In another world, the first comic book movie Sam Raimi directed would’ve been The Shadow. Fresh off the success of The Evil Dead and its sequel, he sought to bring the crime-fighting pulp hero to the big screen, only for Universal Studios to refuse to part with the rights. “I met with them, but they didn’t like my views at all,” he said. The director then revisited a short story he’d written, about a man who could alter his face to impersonate others. Denied a shot at adaptation, Raimi set out to deliver an original.

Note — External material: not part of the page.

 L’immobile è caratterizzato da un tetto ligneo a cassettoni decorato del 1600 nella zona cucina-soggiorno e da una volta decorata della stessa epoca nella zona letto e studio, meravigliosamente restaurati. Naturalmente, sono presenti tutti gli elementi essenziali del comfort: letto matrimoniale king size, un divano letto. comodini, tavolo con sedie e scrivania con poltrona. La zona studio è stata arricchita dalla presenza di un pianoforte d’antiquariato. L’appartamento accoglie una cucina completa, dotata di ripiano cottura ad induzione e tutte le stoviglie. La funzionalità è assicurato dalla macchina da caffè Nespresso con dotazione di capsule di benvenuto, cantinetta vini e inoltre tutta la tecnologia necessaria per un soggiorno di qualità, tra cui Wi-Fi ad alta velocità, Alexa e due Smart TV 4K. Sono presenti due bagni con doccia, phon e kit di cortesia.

The result was Darkman, a gripping yet goofy tale of rage, revenge, and a renewed chance at lost love, starring a pre-action hero Liam Neeson as a tortured scientist. Inspired by the Universal horror movies of the ‘30s, Darkman was imbued with the look and feel of a comic book, combining kinetic camerawork with images that burst across the screen. Darkman scored terribly in previews, but was critically well-received and commercially successful, spawning two sequels, albeit without Raimi or Neeson. But its visual flair and characterization would also form the blueprint for the director’s next superhero outing, the Spider-Man trilogy.

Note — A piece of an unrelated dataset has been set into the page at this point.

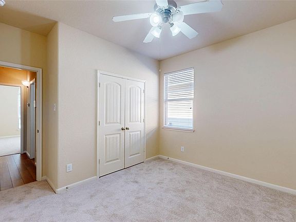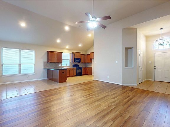 Beautifully maintained single-story home in Saddlebrook Ranch featuring 3 bedrooms and 2 baths. The open split floor plan offers high ceilings and great natural light. The kitchen boasts tile floors, ample cabinetry, a tile backsplash, and stainless-steel appliances, including a gas range and dishwasher, flowing seamlessly into the breakfast and family areas. Enjoy a spacious primary suite with soaking tub, separate shower, dual sinks, and walk-in closet. Two secondary bedrooms feature new carpet and share a full bath. Step outside to a covered patio and landscaped backyard with a full sprinkler system. Conveniently located near Creekside Village Green and the Grand Parkway, offering easy access to shopping, dining, and entertainment.

Released on this day in 1990, 12 years before Spider-Man, Darkman also serves as a superhero origin story, with much of the same pathos and struggle to reconcile one’s sense of self. Suffering major burns after a lab explosion rigged by a corrupt crime boss (Larry Drake), Dr. Peyton Westlake (Neeson) is taken to a hospital, where, to spare him unbearable pain, doctors subject him to an experimental procedure. The side-effects? Increased strength and uncontrollable rage. A disfigured Peyton escapes, setting up a makeshift lab to continue working on his synthetic skin prototype. Fun stretches of shenanigans contain an underlying ticking-clock tension as the doctor crafts models of the gang members’ faces, poses as them, and frames them for various crimes, all while working with unstable skin that disintegrates after just 99 minutes.
By the end, the sight of Peyton swinging wildly across the city, squeezing through buildings and over traffic, registers as classic Spider-Man imagery — that he’s holding onto a helicopter the bad guys are fleeing in is a minor detail — but the web connecting both films is apparent even early on.
When Peyton awakes at the hospital, overwhelmed by memories of the fire and his experiments, the overlapping imagery mirrors that of Peter Parker’s (Tobey Maguire) post-spider bite dream sequence. Footage from Darkman was used in the Spider-Man montage, and a split-second shot of a skull that invades Peter’s subconscious resembles the one from Darkman. Later, Peyton hunting down the henchman who shot his lab assistant is staged much like Peter stalking his uncle’s murderer in an abandoned warehouse, with both characters visualized as shadows tormenting their jumpy targets before they finally manifest in the flesh.
A sequence of Peter arriving at his suit design through a series of trial-and-error parallels Peyton’s attempts to fine-tune his formula, though the imagery superimposed over both hard-working protagonists tells a different story. While the teen is motivated by what he loves — his neighbor’s blue eyes and red hair ultimately inspire his suit colors — Peyton is dogged by failure, as terse descriptions on his discarded notepad sheets attest to.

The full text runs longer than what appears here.